5 Details Every Entrepreneur Needs Right Now About CAESAR Program

Now, even relatively small companies like Nodeflux–its headcount is still below 50–can score government contracts. Nodeflux analyses images from around 7,000 CCTV cameras in the district, giving the Jakarta Regional Government new perspectives on traffic patterns and other mobility-related insights. It’s now applying a similar solution to help stop travel violations during Covid. This shift … Read more

Digital-Lifestyle Connectivity Forces Markets To Shift

Aggregators, too, will not be the same. The very discounts that propelled the growth of food delivery companies Swiggy and Zomato will be the first casualty, said Beer Café’s Singh. This has already come true. Zomato and Swiggy have stopped footing discounts to customers.

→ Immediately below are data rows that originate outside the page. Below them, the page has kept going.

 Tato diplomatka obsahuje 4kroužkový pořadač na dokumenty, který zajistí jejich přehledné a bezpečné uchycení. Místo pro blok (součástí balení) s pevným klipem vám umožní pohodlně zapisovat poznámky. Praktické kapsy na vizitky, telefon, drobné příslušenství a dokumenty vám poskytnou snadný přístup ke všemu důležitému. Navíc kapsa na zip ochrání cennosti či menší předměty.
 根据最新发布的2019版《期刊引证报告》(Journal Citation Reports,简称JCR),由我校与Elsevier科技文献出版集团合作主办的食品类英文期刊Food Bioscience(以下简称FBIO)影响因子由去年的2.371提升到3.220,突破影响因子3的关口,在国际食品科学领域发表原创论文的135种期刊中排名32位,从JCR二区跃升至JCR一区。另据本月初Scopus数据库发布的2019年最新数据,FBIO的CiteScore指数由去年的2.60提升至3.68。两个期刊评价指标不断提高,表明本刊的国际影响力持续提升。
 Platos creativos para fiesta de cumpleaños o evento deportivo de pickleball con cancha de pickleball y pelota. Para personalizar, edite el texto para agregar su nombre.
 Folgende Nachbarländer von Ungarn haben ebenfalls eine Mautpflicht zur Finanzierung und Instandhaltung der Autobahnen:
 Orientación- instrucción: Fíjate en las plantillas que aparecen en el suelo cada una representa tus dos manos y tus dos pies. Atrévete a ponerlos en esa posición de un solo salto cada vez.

Like the shift to a revenue-sharing model, aggregators now have to … Read more

The Merits and Trials of Faustian Deals between Restaurants and Sending Giants

A pandemic that forces people to stay home looks like a godsend gift to the food delivery industry. But it may fundamentally alter the power balance between restaurants and food delivery platforms in Malaysia, and even Southeast Asia. Before Covid-19—when dine-in was the main income source for restaurateurs—commission rates were viewed as a “marketing fee” … Read more

Why Food Logistics Companies are Better Left Public

That’s the premise of ECF—an alternative financing option allowing private companies such as small-and-medium enterprises (SMEs) and startups to raise capital. ECF can be channeled via retail investors or the customer base through platforms regulated by the Malaysian capital market regulator Securities Commission (SC) Malaysia. Malaysia is the first country across Southeast Asia to regulate … Read more

Banana Republic just launched their second womenswear line with J.Crew Group

Operating during a crisis already comes with added costs. Savings from unused marketing budgets are being offset by the cost of incentives and relief packs for workers at risk of contracting the virus, said the Grab spokesperson cited earlier, without divulging specifics. There’s also the cost associated with supplying protective gear for workers.

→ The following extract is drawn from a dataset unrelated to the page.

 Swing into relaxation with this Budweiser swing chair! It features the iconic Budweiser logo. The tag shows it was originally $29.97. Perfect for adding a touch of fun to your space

Many businesses are hanging on by a thread as the pandemic-induced slowdown worsens what’s already been a cautious global investment climate.

Why Retailers & Brands Choose a Fruit-Forward Approach?

Why Retailers & Brands Choose a Fruit-Forward Approach?

Even a well-funded company like Grab realises this. “We’re all in survival mode and trying to navigate this crisis. Even before, we’ve been mindful of how we spend our money,” says its spokesperson.

So any company that’s taken a blow would understandably want to generate new revenue streams, said Forrester’s Meena. That seems to be true in Zalora’s case; it just announced a subscription service focussing on data analytics for brands. The company analysed data from over 2.6 million active customers in its Southeast Asia markets and translated that into insights such as top and trending stock keeping units in selected categories.

“Secondly, this is a time when there’s almost no marketing or advertising targeting consumers because they’re not buying,” explains Meena. Venturing into essential groceries at least allows the likes of Zalora to stay relevant.

Zalora offers no definitive answer about whether it would continue delivering groceries after the pandemic ends. All it says is it will “adapt” to what consumers need. Meena’s take: there’s no business case for companies that are not in it for the long run.

5 Benefits of Going Fruit Forward and the Fate of All Movements That Came Before It!

Delivering groceries is inherently complex. Basket sizes are small, and margins are typically low. High order volumes are important since marketing and distribution costs eat into the margins. But high volumes also make it difficult to deliver the goods—literally. US$200 can buy you a smartphone but may translate into 20 kg of goods when it comes to groceries.

Touch-and-feel remains a key consideration, says Meena. People want to pick out their vegetables, smell their meat, and squeeze their produce. Making sure these products stay fresh through transit is challenging, otherwise you’d have to deal with the bigger headache of spoiled returns. That’s why big providers like Amazon in the US invest in numerous warehouses and logistics, allowing them to quickly reach customers’ doorsteps. It takes many years to reach a certain scale.

Companies like Grab try to work around some of these complications by employing a hyperlocal approach. They partner with supermarkets or brand distributors like Great Deals instead of managing their own inventory and zero in on dense areas so they can fulfil as many orders as they can in a single trip.

However, there’s a trade-off. Meena says there’s less visibility on inventory with this kind of approach. So incomplete orders like what Filipino customer Zialcita experienced could be a frequent problem. “This supply chain issue is very difficult to solve and customer experience suffers,” Meena tells us. “The reason why Amazon is leading the pack is because they control the customer experience.”